=== Problem description ===
For the records below, please print exactly and only the lines from the one with "Der Open Crown" down to the one with "2017.12,520夫妻 学生在2017年全国大学生数学建模竞赛中喜获佳绩", both ends included, omitting the pictures.

=== Extracted entries ===
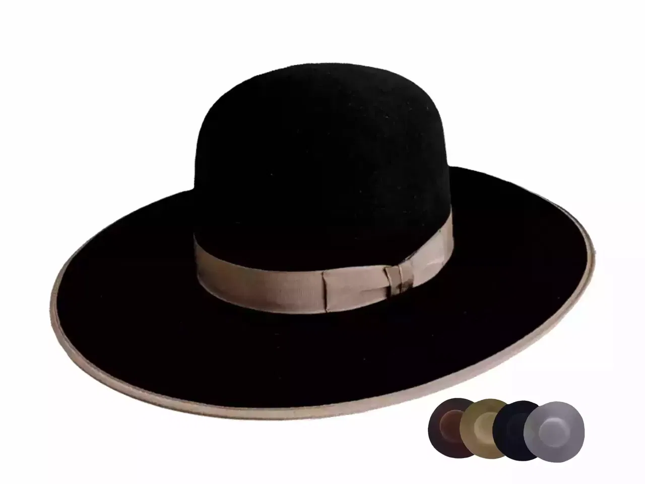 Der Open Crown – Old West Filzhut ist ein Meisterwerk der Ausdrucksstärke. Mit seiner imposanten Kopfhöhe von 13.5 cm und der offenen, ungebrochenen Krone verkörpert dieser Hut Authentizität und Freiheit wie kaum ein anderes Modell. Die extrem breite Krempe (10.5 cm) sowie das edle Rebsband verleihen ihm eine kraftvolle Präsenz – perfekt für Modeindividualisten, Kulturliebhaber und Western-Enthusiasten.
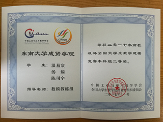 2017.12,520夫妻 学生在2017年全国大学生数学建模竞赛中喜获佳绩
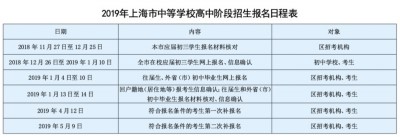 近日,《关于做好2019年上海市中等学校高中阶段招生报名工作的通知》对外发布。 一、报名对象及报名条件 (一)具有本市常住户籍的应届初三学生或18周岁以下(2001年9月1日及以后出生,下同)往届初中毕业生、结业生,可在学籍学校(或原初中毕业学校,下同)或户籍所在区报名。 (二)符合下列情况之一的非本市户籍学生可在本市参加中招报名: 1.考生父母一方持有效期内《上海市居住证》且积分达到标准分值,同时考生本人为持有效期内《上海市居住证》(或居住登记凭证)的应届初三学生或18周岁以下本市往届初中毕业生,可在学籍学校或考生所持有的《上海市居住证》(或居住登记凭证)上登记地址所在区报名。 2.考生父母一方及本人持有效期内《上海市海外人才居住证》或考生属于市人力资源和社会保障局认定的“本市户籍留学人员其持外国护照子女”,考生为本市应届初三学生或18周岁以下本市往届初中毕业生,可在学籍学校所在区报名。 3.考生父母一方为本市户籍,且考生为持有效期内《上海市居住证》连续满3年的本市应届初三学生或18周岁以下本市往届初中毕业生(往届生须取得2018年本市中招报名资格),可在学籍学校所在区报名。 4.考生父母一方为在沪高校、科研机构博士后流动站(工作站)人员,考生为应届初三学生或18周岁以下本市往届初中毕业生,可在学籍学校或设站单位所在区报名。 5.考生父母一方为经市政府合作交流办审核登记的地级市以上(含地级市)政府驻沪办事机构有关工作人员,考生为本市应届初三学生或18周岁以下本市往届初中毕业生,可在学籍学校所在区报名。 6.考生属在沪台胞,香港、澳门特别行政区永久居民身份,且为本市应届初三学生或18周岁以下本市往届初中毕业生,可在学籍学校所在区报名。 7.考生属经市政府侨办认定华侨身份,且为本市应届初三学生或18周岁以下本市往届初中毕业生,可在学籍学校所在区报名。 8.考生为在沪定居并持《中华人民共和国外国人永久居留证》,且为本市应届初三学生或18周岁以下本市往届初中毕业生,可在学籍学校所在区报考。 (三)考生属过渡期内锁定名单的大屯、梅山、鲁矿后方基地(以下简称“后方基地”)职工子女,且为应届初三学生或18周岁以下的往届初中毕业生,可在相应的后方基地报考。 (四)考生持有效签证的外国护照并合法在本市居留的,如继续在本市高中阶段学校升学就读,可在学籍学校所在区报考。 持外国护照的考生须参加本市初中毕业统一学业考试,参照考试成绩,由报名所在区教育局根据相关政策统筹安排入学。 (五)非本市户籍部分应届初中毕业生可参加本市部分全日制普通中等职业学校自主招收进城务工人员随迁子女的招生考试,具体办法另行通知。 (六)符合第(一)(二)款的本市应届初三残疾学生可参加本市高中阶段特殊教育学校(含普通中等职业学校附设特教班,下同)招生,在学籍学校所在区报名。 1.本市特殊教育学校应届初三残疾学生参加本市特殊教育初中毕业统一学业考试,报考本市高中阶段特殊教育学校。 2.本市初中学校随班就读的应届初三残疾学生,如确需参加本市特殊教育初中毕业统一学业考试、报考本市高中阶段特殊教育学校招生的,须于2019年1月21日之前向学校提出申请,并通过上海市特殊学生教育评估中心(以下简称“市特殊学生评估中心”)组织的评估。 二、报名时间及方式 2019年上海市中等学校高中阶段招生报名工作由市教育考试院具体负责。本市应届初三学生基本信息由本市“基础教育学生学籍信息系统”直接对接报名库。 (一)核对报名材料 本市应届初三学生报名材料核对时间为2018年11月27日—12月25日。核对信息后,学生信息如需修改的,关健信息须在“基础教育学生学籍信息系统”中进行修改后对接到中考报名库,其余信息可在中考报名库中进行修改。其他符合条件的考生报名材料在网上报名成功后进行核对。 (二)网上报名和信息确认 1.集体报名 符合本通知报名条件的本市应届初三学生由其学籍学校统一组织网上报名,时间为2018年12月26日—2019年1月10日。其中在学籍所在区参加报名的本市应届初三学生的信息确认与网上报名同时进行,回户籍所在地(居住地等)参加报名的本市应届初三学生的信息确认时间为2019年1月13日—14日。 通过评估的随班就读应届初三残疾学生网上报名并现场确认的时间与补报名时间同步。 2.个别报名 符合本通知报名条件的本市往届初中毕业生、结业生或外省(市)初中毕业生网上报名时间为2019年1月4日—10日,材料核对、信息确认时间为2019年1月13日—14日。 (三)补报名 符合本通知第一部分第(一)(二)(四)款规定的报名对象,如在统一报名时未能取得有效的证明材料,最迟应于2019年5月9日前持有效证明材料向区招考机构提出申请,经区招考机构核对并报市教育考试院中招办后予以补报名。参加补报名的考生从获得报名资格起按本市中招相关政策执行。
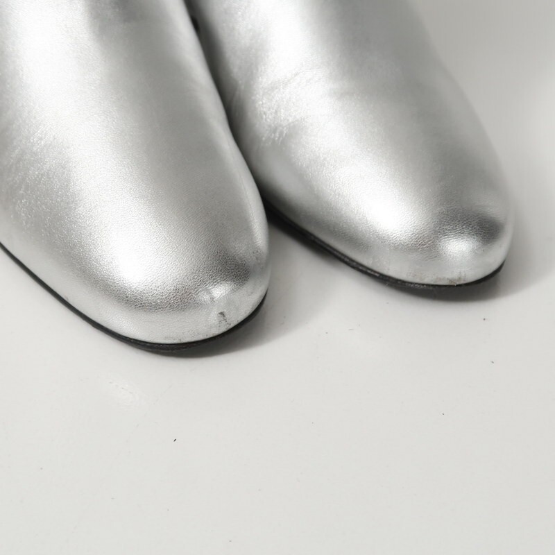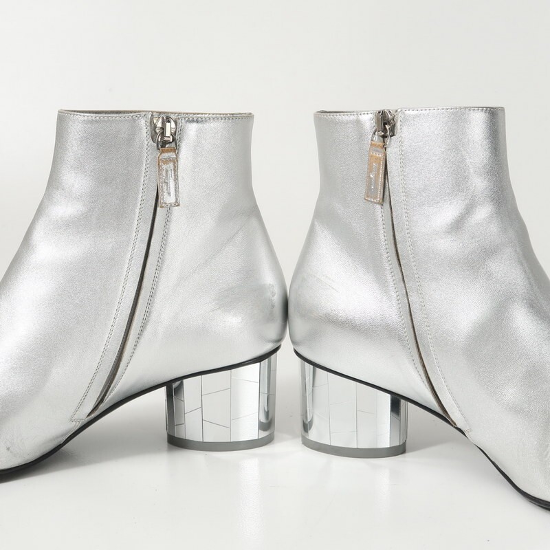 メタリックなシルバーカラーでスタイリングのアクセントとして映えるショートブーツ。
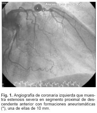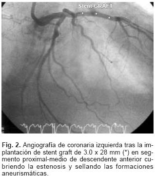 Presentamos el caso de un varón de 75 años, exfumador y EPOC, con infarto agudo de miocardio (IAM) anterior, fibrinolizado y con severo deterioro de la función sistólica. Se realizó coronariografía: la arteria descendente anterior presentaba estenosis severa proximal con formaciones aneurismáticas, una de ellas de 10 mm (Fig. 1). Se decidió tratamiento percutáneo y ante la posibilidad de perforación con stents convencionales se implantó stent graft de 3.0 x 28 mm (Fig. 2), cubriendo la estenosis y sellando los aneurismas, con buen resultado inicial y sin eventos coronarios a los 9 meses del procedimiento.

---

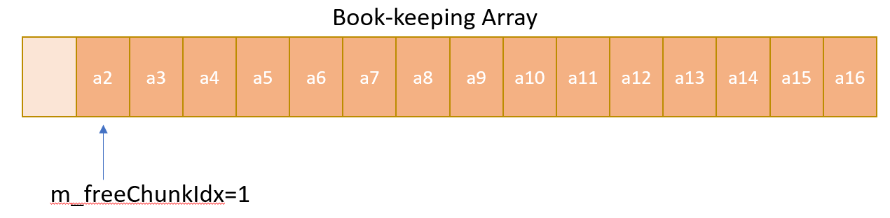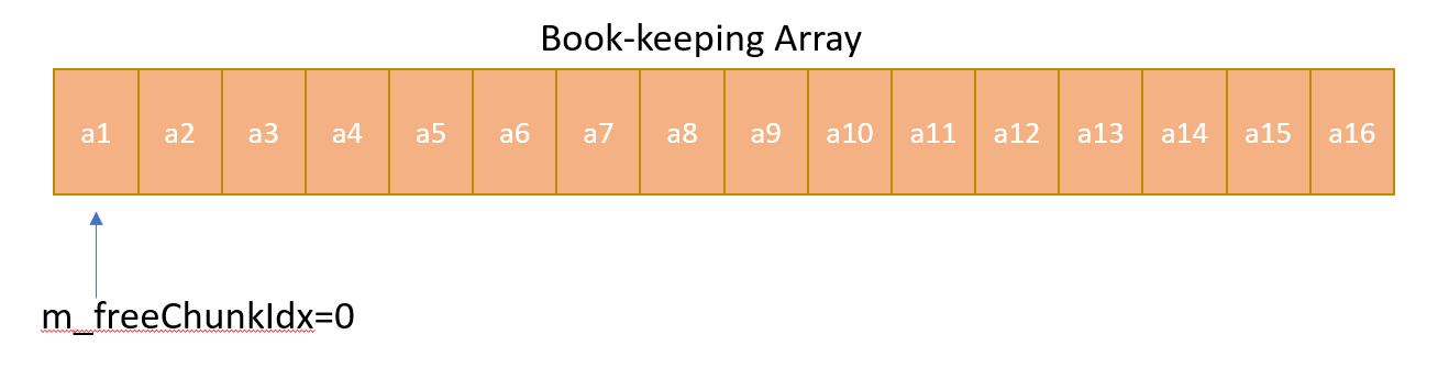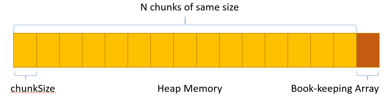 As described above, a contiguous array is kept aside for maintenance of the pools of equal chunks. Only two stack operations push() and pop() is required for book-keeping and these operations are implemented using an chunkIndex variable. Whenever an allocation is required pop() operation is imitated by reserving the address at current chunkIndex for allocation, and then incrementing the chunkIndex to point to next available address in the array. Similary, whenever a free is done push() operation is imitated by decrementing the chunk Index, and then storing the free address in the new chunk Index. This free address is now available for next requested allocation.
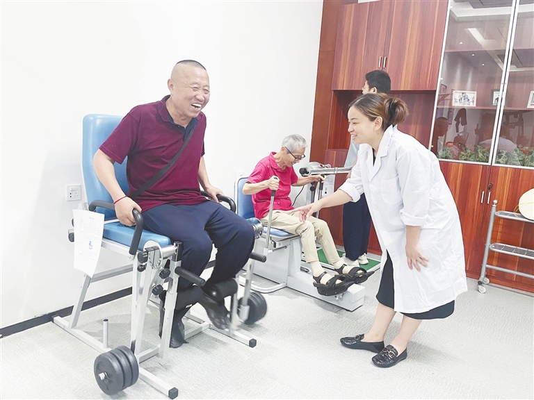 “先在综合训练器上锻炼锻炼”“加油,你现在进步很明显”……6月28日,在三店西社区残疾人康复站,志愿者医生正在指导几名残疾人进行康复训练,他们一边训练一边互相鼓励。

=== Answer section ===
 Der Open Crown – Old West Filzhut ist ein Meisterwerk der Ausdrucksstärke. Mit seiner imposanten Kopfhöhe von 13.5 cm und der offenen, ungebrochenen Krone verkörpert dieser Hut Authentizität und Freiheit wie kaum ein anderes Modell. Die extrem breite Krempe (10.5 cm) sowie das edle Rebsband verleihen ihm eine kraftvolle Präsenz – perfekt für Modeindividualisten, Kulturliebhaber und Western-Enthusiasten.
 2017.12,520夫妻 学生在2017年全国大学生数学建模竞赛中喜获佳绩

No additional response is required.